Task prompt:
Would you return the data exactly as given, except for its pictures?
::: Input data
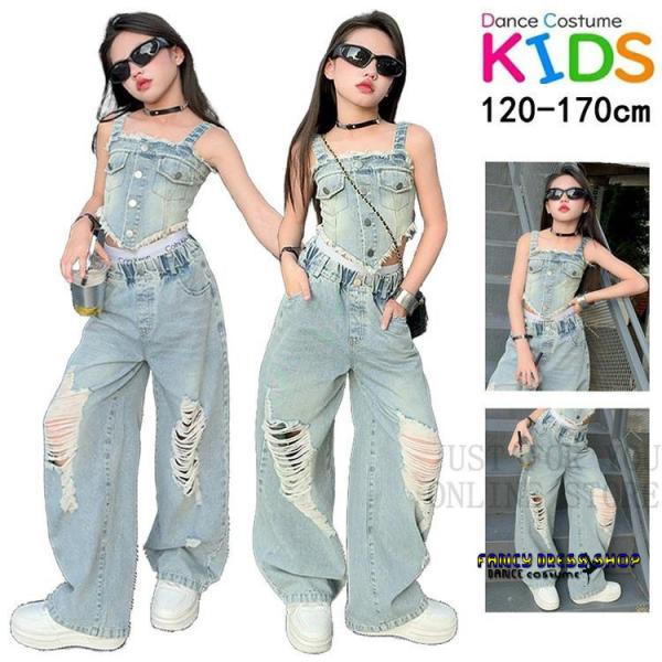 ブルー デニムスーツ ダメージパンツ キャミソール へそ出し キッズ ダンス衣装 セットアップ 女の子 ダンスウェア ステージ衣装 ヒップホップ 子供服 チアガー
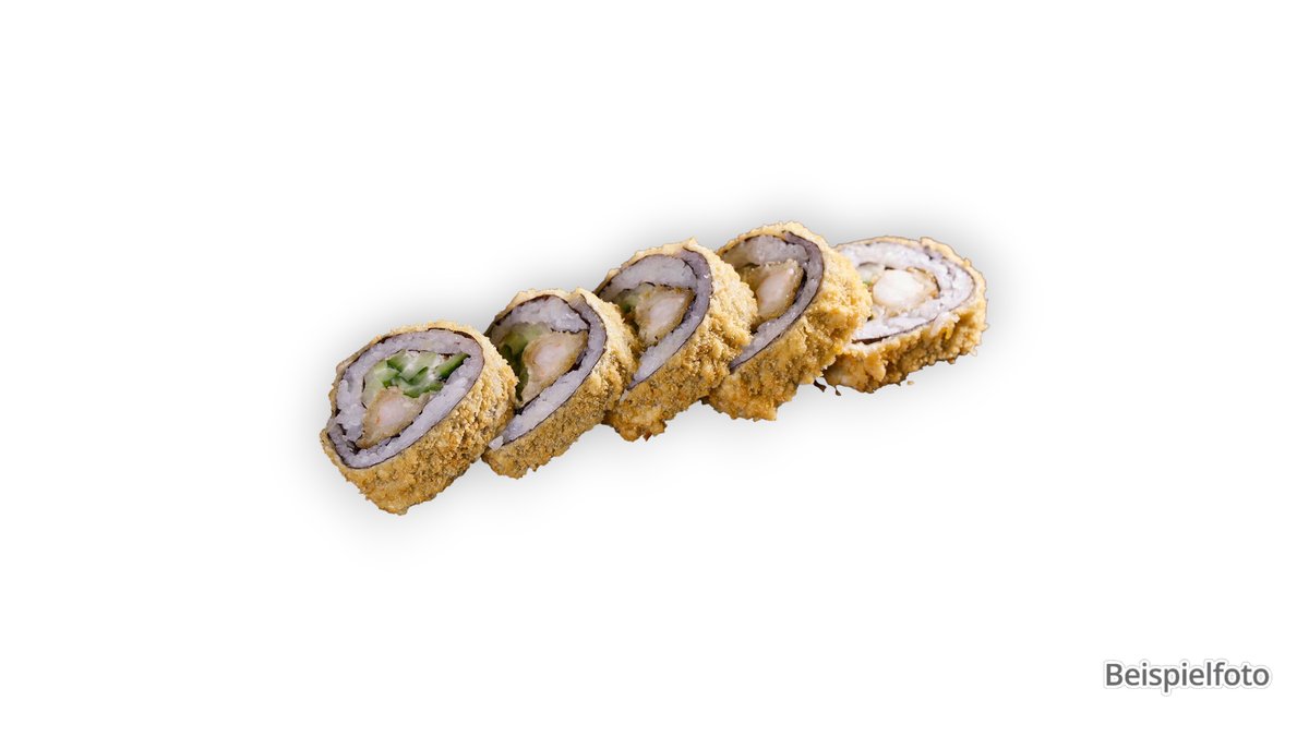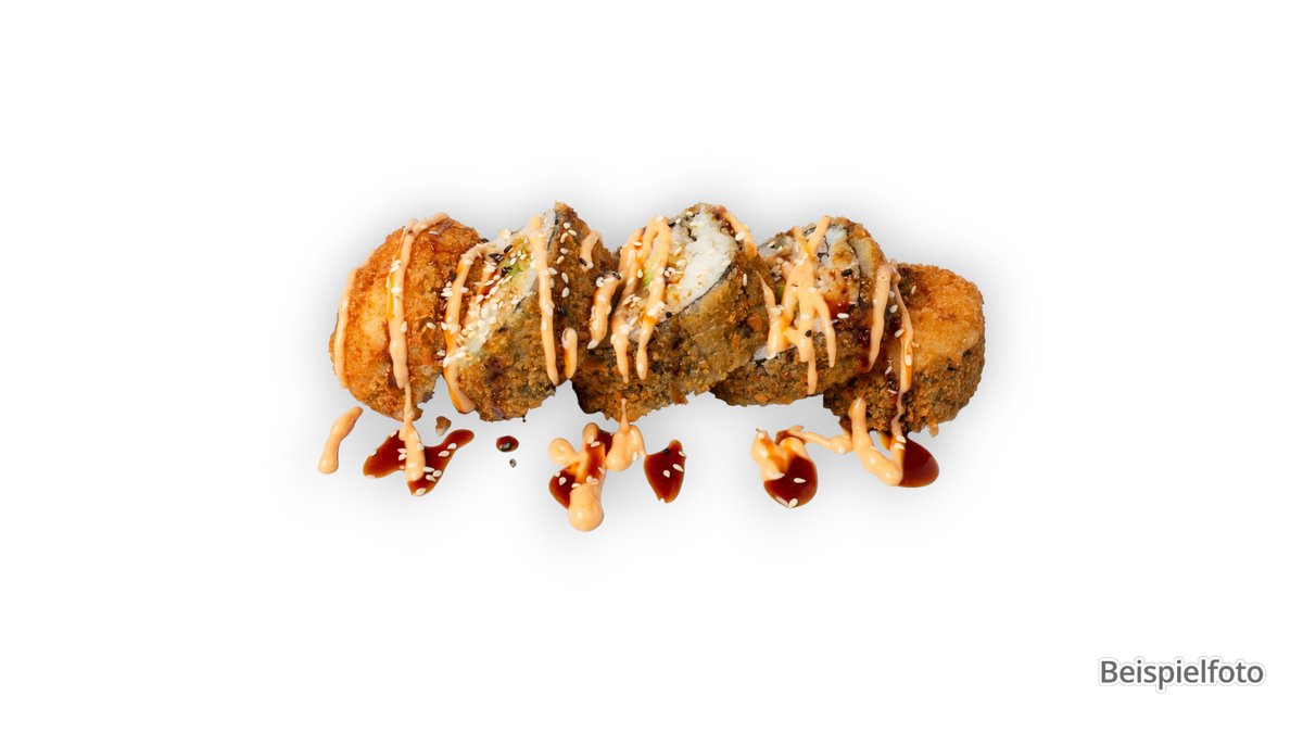 all rolls are fried in a crispy tempura batter with cucumbers, sesame, spring onions, special sauce, ginger, wasabi and soy sauce and served in a size of your choice
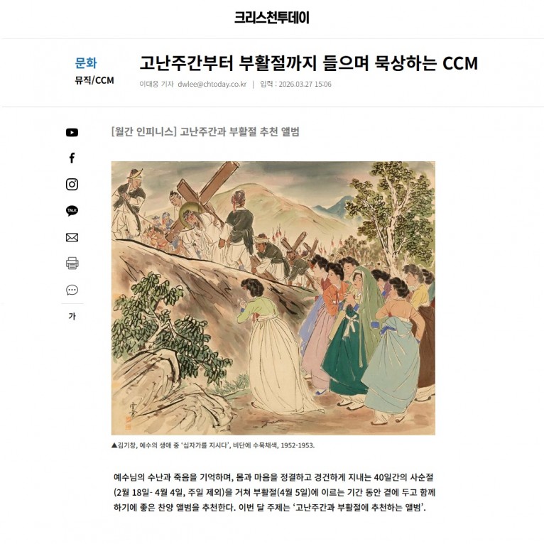 [기획기사] 고난주간부터 부활절까지 들으며 묵상하는 CCM(크리스천투데이)
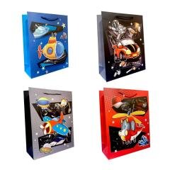 Torebka papierowa dziecięca, dla chłopca wykonana z grubszego papieru o gramaturze 210 g, co zapewnia jej większą trwałość i odporność na obciążenie. Wyposażona w grubszy, kolorowy sznurek, który zapewnia wygodny uchwyt i estetyczne wykończenie. To praktyczne opakowanie, które podkreśla wartość wręczanego prezentu.
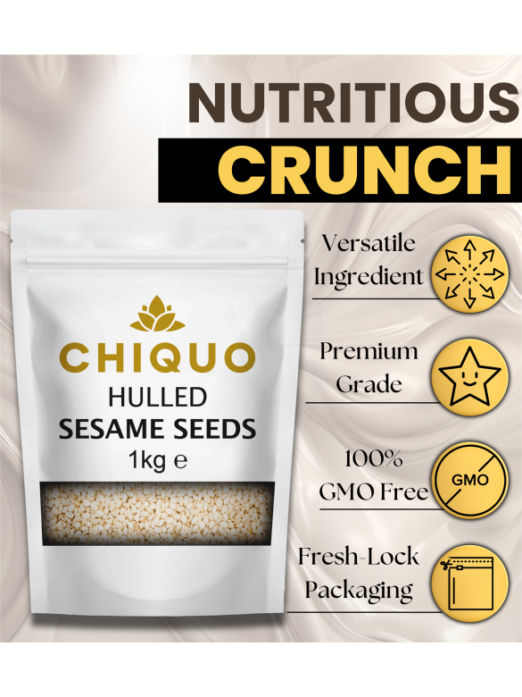 Supplied in a resealable 1kg pouch, these sesame seeds are perfect for daily kitchen use, commercial food prep, bulk recipes, and pantry storage. From homemade tahini to artisanal breads and finishing touches on stir-fries, Chiquo Hulled Sesame Seeds offer flexibility and consistent quality.
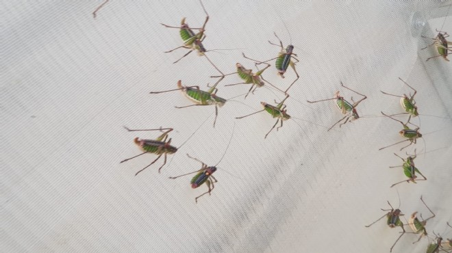 İlçedeki Akarca Ovası’nda görülen binlerce çekirge paniğe neden oldu. Havaların ısınmasıyla ortaya çıkan çekirge sürüleri bölge tarımına ciddi oranda zarar vermeye başladı. Biber, domates, kavun gibi şu an toprakta olan tüm mahsulleri yiyerek talan eden çekirgeler, bölge çiftçisini de kaygılandırmaya başladı. Barış Gül isimli çiftçi, çekirgelerin havaların ısınmasıyla birlikte ortaya çıktığını, yüksek tepelere yuvalanıp milyonlarcasının ovaya inerek ürünleri talan ettiğini söyledi. Bölgede çiftçilik yapan vatandaşlar çekirgeler için acil önlem alınmasını beklerlerken Tire Ziraat Odası Başkanı Halil İbişoğlu konuyla ilgili açıklama yaptı.
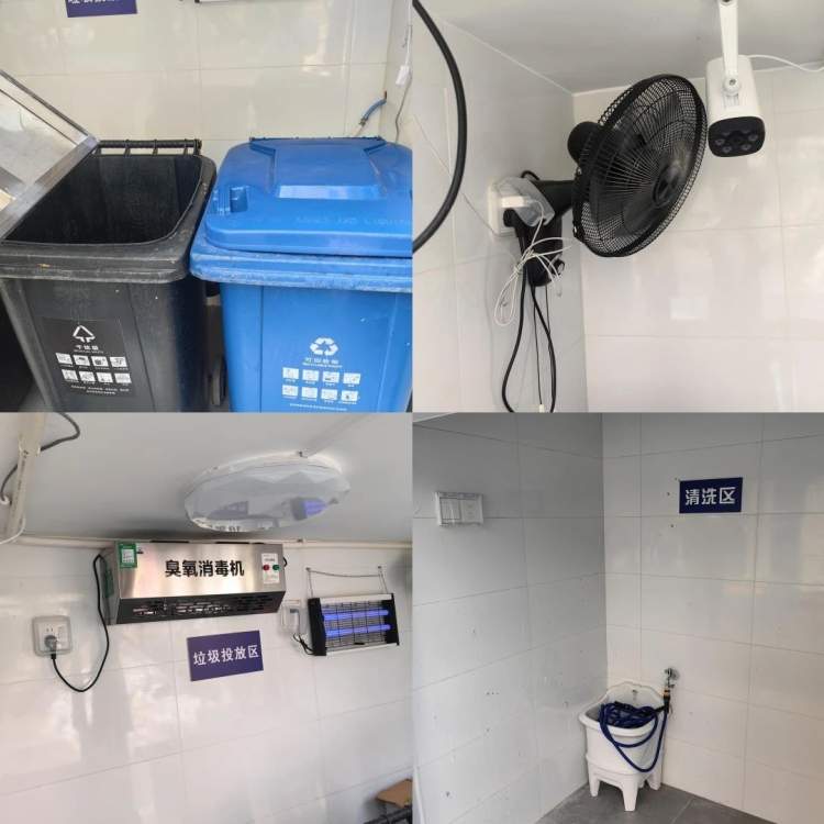 墙面和地面均铺设了防滑防渗的瓷砖,使得环境变得明亮且整洁。同时,通过彩绘、文化墙、电子显示屏和宣传牌等多种宣传形式,进一步美化了厢房的环境,营造了良好的氛围。此外,还新增了排风系统、除臭设备、灭蚊设施以及空调,极大地提升了厢房的使用体验。
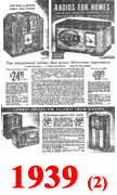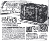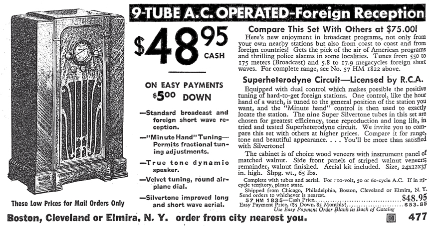 ![]() M-6337 (aka R-301) The price is about a month's wages for a working man in 1939 Click to Enlarge The ad takes pains to point out that "... when television comes, you will be ready for it ..." Since the actual bandwidth that TV would be transmitted on was subject to uncertainty, the ad also notes that the set "... has provision for plugging in an adapter..." This set had nine illuminated push buttons. Six were reserved for "favorite" stations, two are for tone control and one is a switch to the auxiliary jack (Marked "phono/television"). It should be noted that the pushbuttons could only be set by a trained serviceman. The tuner employed "super spread" bands for the foreign shortwave bands. Effectively, the 5.8 to 15.3 MC was split into four parts. This was advantageous because many international stations were grouped together -- spreading out the band made it easier to tune individual stations. Click here to look at another type of collectible. Sears Silvertone M-4766 Table Radio [ca 1938]This 1938 table set offered a tuning dial that looked like a telephone dial (hence the name teledial. This was an early precursor to push buttons. The dial had to be set by a factory-trained serviceman, but Sears graciously provides "... call letter stickers for ALL American stations ..."
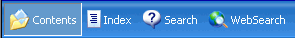 The online Help includes the following left-hand panes. To access each pane, click the Contents, Index or Search button on the toolbar.
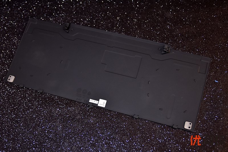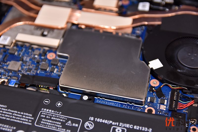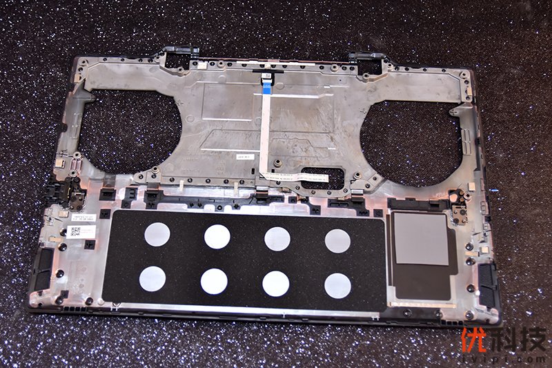 先来看一下D面盖板,同样采用金属材质,做工非常的扎实,内部可以看到灯带的排线,以及下方对应电池部分的缓冲泡棉以及PCIe NVMe SSD高速固态硬盘的散热贴。
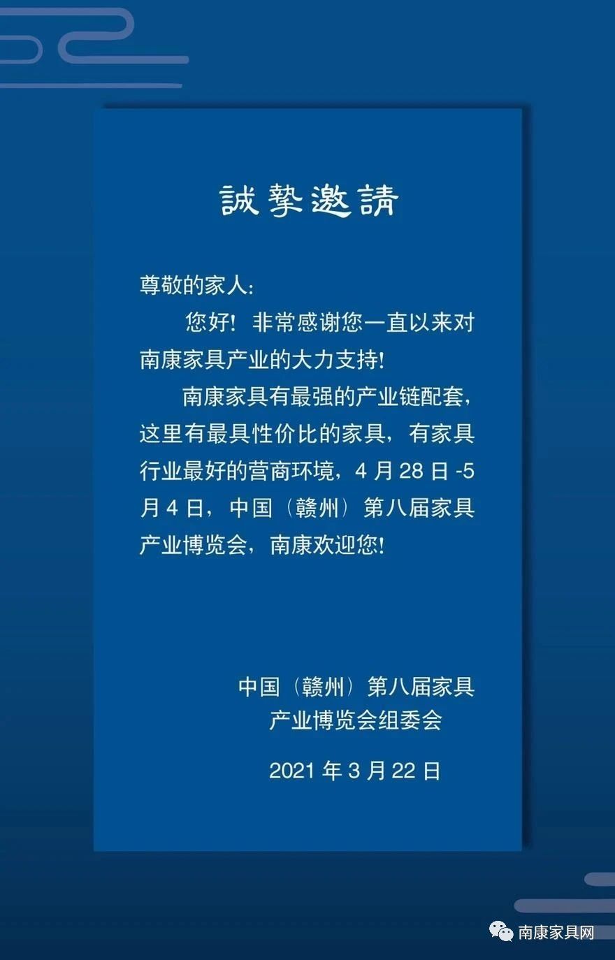 盛啟!2021年南康第八屆家具產業博覽會邀請函!
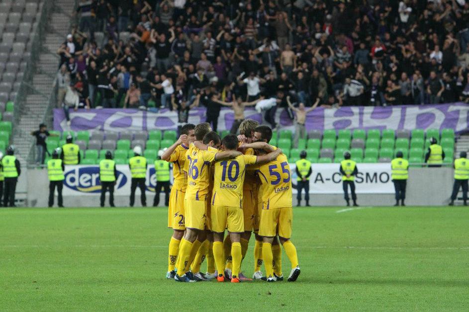Veselje Mariborčanov ob vodilnem zadetku.
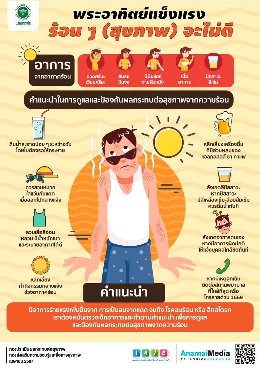 พระอาทิตย์แข็งแรง ร้อน ๆ (สุขภาพ) จะไม่ดี ฤดูร้อนปีนี้ พุ่งทะยานกว่าทุกปี อาจแตะ 50 องศาเซลเซียส เลยทีเดียว และในสภาพอากาศที่ร้อนจัดแบบนี้ ต้องสังเกตอาการเสี่ยงเหล่านี้ เช่น ปวดศรีษะ เวียนศรีษะ สับสน มึนงง มีผื่นแดงตามผิวหนัง เบื่ออาหาร หรือ ปัสสาวะสีเข้ม เพื่อเฝ้าระวัง กรมอนามัย จึงมีคำแนะนำในการดูแลและป้องกันผลกระทบต่อสุขภาพจากความร้อน แบ่งออกเป็น 2 กลุ่ม
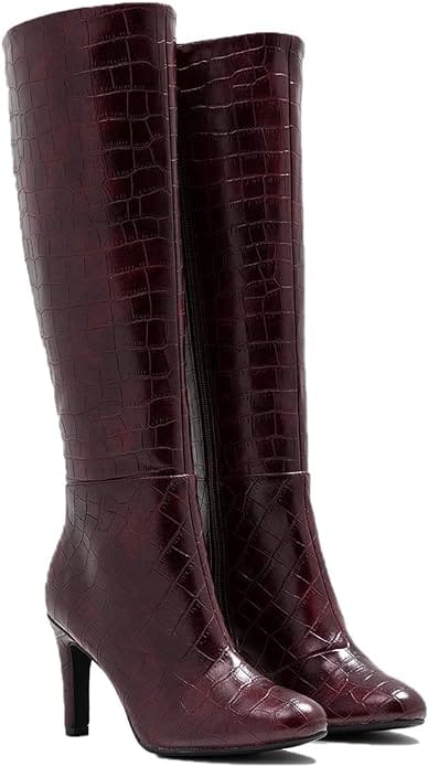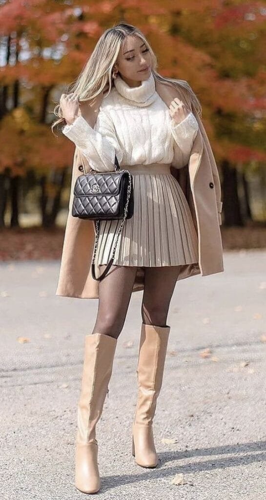 Elevate the look with nude High Heel Knee High Boots and accessorize with Pearls and Rhinestones Evening Handbags. This ensemble exudes warmth and style, making it perfect for a stylish fall gathering with a touch of classic charm.
::::::
Completed task:
 ブルー デニムスーツ ダメージパンツ キャミソール へそ出し キッズ ダンス衣装 セットアップ 女の子 ダンスウェア ステージ衣装 ヒップホップ 子供服 チアガー
 all rolls are fried in a crispy tempura batter with cucumbers, sesame, spring onions, special sauce, ginger, wasabi and soy sauce and served in a size of your choice
 [기획기사] 고난주간부터 부활절까지 들으며 묵상하는 CCM(크리스천투데이)
 Torebka papierowa dziecięca, dla chłopca wykonana z grubszego papieru o gramaturze 210 g, co zapewnia jej większą trwałość i odporność na obciążenie. Wyposażona w grubszy, kolorowy sznurek, który zapewnia wygodny uchwyt i estetyczne wykończenie. To praktyczne opakowanie, które podkreśla wartość wręczanego prezentu.
 Supplied in a resealable 1kg pouch, these sesame seeds are perfect for daily kitchen use, commercial food prep, bulk recipes, and pantry storage. From homemade tahini to artisanal breads and finishing touches on stir-fries, Chiquo Hulled Sesame Seeds offer flexibility and consistent quality.
 İlçedeki Akarca Ovası’nda görülen binlerce çekirge paniğe neden oldu. Havaların ısınmasıyla ortaya çıkan çekirge sürüleri bölge tarımına ciddi oranda zarar vermeye başladı. Biber, domates, kavun gibi şu an toprakta olan tüm mahsulleri yiyerek talan eden çekirgeler, bölge çiftçisini de kaygılandırmaya başladı. Barış Gül isimli çiftçi, çekirgelerin havaların ısınmasıyla birlikte ortaya çıktığını, yüksek tepelere yuvalanıp milyonlarcasının ovaya inerek ürünleri talan ettiğini söyledi. Bölgede çiftçilik yapan vatandaşlar çekirgeler için acil önlem alınmasını beklerlerken Tire Ziraat Odası Başkanı Halil İbişoğlu konuyla ilgili açıklama yaptı.
 墙面和地面均铺设了防滑防渗的瓷砖,使得环境变得明亮且整洁。同时,通过彩绘、文化墙、电子显示屏和宣传牌等多种宣传形式,进一步美化了厢房的环境,营造了良好的氛围。此外,还新增了排风系统、除臭设备、灭蚊设施以及空调,极大地提升了厢房的使用体验。
 ![]() M-6337 (aka R-301) The price is about a month's wages for a working man in 1939 Click to Enlarge The ad takes pains to point out that "... when television comes, you will be ready for it ..." Since the actual bandwidth that TV would be transmitted on was subject to uncertainty, the ad also notes that the set "... has provision for plugging in an adapter..." This set had nine illuminated push buttons. Six were reserved for "favorite" stations, two are for tone control and one is a switch to the auxiliary jack (Marked "phono/television"). It should be noted that the pushbuttons could only be set by a trained serviceman. The tuner employed "super spread" bands for the foreign shortwave bands. Effectively, the 5.8 to 15.3 MC was split into four parts. This was advantageous because many international stations were grouped together -- spreading out the band made it easier to tune individual stations. Click here to look at another type of collectible. Sears Silvertone M-4766 Table Radio [ca 1938]This 1938 table set offered a tuning dial that looked like a telephone dial (hence the name teledial. This was an early precursor to push buttons. The dial had to be set by a factory-trained serviceman, but Sears graciously provides "... call letter stickers for ALL American stations ..."
 The online Help includes the following left-hand panes. To access each pane, click the Contents, Index or Search button on the toolbar.
 先来看一下D面盖板,同样采用金属材质,做工非常的扎实,内部可以看到灯带的排线,以及下方对应电池部分的缓冲泡棉以及PCIe NVMe SSD高速固态硬盘的散热贴。
 盛啟!2021年南康第八屆家具產業博覽會邀請函!
Veselje Mariborčanov ob vodilnem zadetku.
 พระอาทิตย์แข็งแรง ร้อน ๆ (สุขภาพ) จะไม่ดี ฤดูร้อนปีนี้ พุ่งทะยานกว่าทุกปี อาจแตะ 50 องศาเซลเซียส เลยทีเดียว และในสภาพอากาศที่ร้อนจัดแบบนี้ ต้องสังเกตอาการเสี่ยงเหล่านี้ เช่น ปวดศรีษะ เวียนศรีษะ สับสน มึนงง มีผื่นแดงตามผิวหนัง เบื่ออาหาร หรือ ปัสสาวะสีเข้ม เพื่อเฝ้าระวัง กรมอนามัย จึงมีคำแนะนำในการดูแลและป้องกันผลกระทบต่อสุขภาพจากความร้อน แบ่งออกเป็น 2 กลุ่ม
 Elevate the look with nude High Heel Knee High Boots and accessorize with Pearls and Rhinestones Evening Handbags. This ensemble exudes warmth and style, making it perfect for a stylish fall gathering with a touch of classic charm.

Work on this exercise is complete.